— Тебе ничто не угрожает, брат, — по крайней мере от меня, и мне не нужно, чтобы ты полз на животе с перебитым хребтом, чтобы убедиться в твоих добрых намерениях.
Миляга шагнул внутрь. Шторы были задернуты, чтобы не пропустить в помещение солнечный свет. Обычно даже самая плотная ткань слегка просвечивает на солнце, но шторы зала заседаний были абсолютно непроницаемы. Эта комната была отгорожена от внешнего мира чем-то большим, нежели занавески и кирпич. Сартори сидел в кромешной тьме, и силуэт его был виден только потому, что дверь была открыта.
— Присядешь? — спросил он. — Я понимаю, здесь не слишком здоровая атмосфера…
Тело Оскара Годольфина исчезло, оставив на столе подсохшие лужицы свернувшейся крови.
— …но я предпочитаю официальную обстановку. Мы должны вести переговоры как цивилизованные существа, не правда ли?
Миляга изъявил молчаливое согласие, подошел к другому концу стола и сел, готовый демонстрировать добрую волю до тех пор, пока в поведении Сартори не проявятся первые признаки предательства. А уж тогда он будет действовать быстро и наверняка.
— Куда исчезло тело? — спросил он.
— Оно здесь. Я похороню его после того, как мы поговорим. Здесь неподходящее место для трупа. А может быть, наоборот — самое подходящее. Не знаю. Мы можем проголосовать по этому вопросу позже.
— Как это ты вдруг превратился в демократа?
— Ты же говорил, что изменился. Меняюсь и я.
— Причина?
— Об этом позже. Сначала…
Он глянул в сторону двери, и она закрылась, оставив их в кромешной темноте.
— Ты ведь не против, правда? — спросил Сартори. — Во время этого разговора нам лучше не смотреть друг на друга. Зеркало отражает не очень точно…
— В Изорддеррексе тебе этого не требовалось.
— Там я обладал плотью. А здесь я чувствую себя… нематериальным. Кстати сказать, я был просто потрясен тем, что ты сделал в Изорддеррексе. Одно лишь твое слово, и вся штука рассыпалась на куски.
— Это была твоя работа, а не моя.
— Ну не будь таким глупым. Ты же знаешь, что скажет история. Ей наплевать на подоплеку. Она заявит, что Примиритель пришел и стены стали рушиться. И ты не станешь возражать, потому что это дает пищу легенде, превращая тебя в мессию. А ты ведь именно этого хочешь, не правда ли? Вопрос в следующем: если ты — Примиритель, то кто же я?
— Нам не обязательно быть врагами.
— Разве не то же самое ты говорил в Изорддеррексе? И разве после этого ты не попытался меня убить?

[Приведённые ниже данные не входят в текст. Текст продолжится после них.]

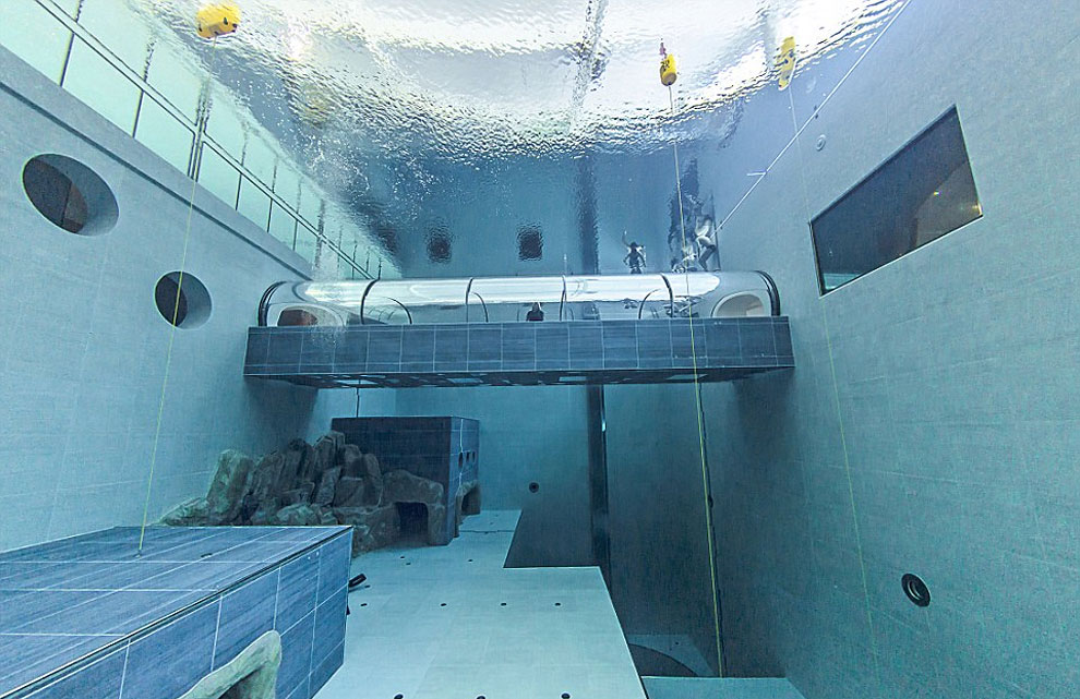 游泳池分为不同的深度区域,既可以满足潜水爱好者在室内深度潜水,也可以满足初学者水下拍照的梦想,自由潜水者更可以在里面体验美人鱼等不同形象,人们还可以从连廊通道中近距离观看潜水者。

— У меня были на то причины.
— Назови хотя бы одну.
— Ты помешал первому Примирению.
— Оно не было первым. Насколько мне известно, до этого предпринимались еще по крайней мере три попытки.
— Для меня оно было первым. Это был мой великий замысел. И ты уничтожил его.
— Кто тебе такое сказал?
— Люциус Коббитт, — ответил Миляга.
Последовало молчание, и Миляге показалось, что он услышал, как темнота пришла в движение — неуловимый шорох, словно соприкоснулись шелковые складки. Но за последние дни шум прошлого ни разу не утихал в его голове, и, прежде чем он сумел понять, откуда исходит этот звук, Сартори вновь заговорил.
— Так Люциус жив, — сказал он.
— Лишь в воспоминаниях. На Гамут-стрит.
— Эта сучья тварь Отдохни Немного, похоже, позволила тебе получить неплохое образование, а? Ничего, я ей выпущу кишки. — Он вздохнул. — Знаешь, мне не хватает Розенгартена. Он был так предан мне. И Расидио, и Матталус. Хорошие люди были у меня в Изорддеррексе. Люди, которым я мог доверять и которые любили меня. Я думаю, дело тут в твоем лице — оно возбуждает поклонение и преданность. Ну ты, наверное, и сам это заметил. Что тому виной — твоя божественная ипостась или улыбка? Я отказываюсь верить, что второе является проявлением первого, — это ложная теория. Горбуны могут быть святыми, а красавицы — настоящими монстрами. Разве ты сам в этом не убедился?
— Разумеется, ты прав.
— Видишь, как часто мы приходим к согласию? Сидим здесь в темноте и болтаем, как старые друзья. Честное слово, если б мы больше никогда не вышли отсюда на свет Божий, мы смогли бы полюбить друг друга — через какое-то время, разумеется.
— К сожалению, это невозможно.
— Почему, собственно?
— Потому что мне предстоит работа, и я не позволю тебе встать у меня на пути.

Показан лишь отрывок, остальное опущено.